Buying a car in Wisconsin adds a 5.0 percent state sales tax plus a county tax to the price. The state lets a trade-in and a manufacturer rebate lower the amount you pay tax on, so the order of operations matters. This calculator applies all of it.
How it works
The taxable amount and tax are computed as:
Taxable = price + doc fee − trade-in − rebate
Tax = Taxable × (5.0% state + county rate)

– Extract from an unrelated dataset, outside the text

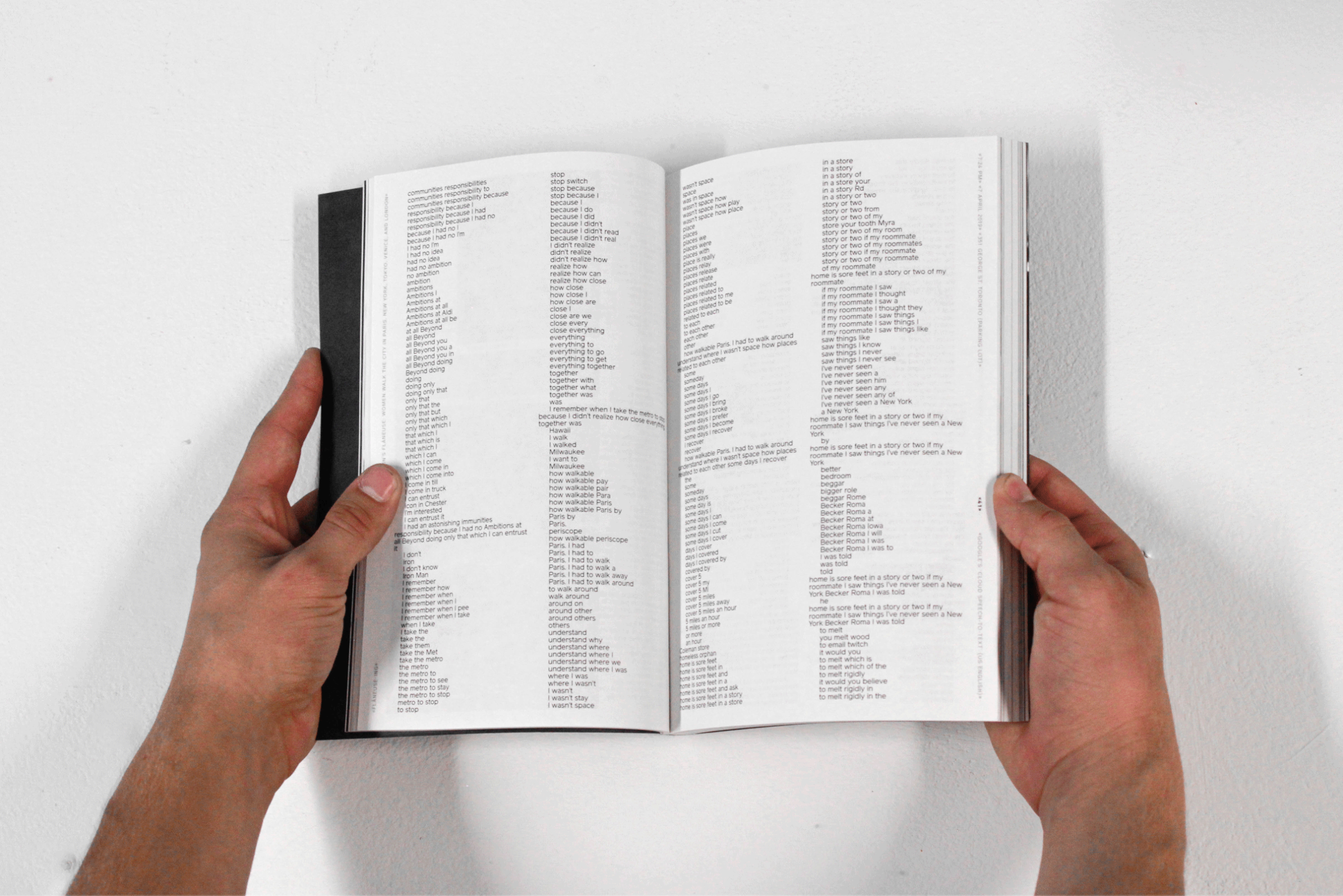 // 183-page book of recorded speech-to-text and video stills from We have only just met (Scene 1).

Wisconsin subtracts the trade-in allowance and cash rebate before applying the rate, while dealer doc fees are added in because they are taxable. The county rate is usually 0.5 percent, giving a typical combined rate of 5.5 percent.
Example
A 30,000 dollar car with an 8,000 dollar trade-in, a 1,000 dollar rebate, and a 250 dollar doc fee in a county at 0.5 percent has a taxable amount of 21,250 dollars. At the 5.5 percent combined rate the sales tax is about 1,169 dollars. The trade-in alone saved roughly 440 dollars in tax versus selling it privately.
Notes
A handful of stadium and premier-resort districts add 0.1 percent on top of the county rate, so adjust the county field if you buy in one. Title and registration are separate DMV charges. Private-party purchases are subject to the same use tax, collected when you register. Verify current rates at revenue.wi.gov.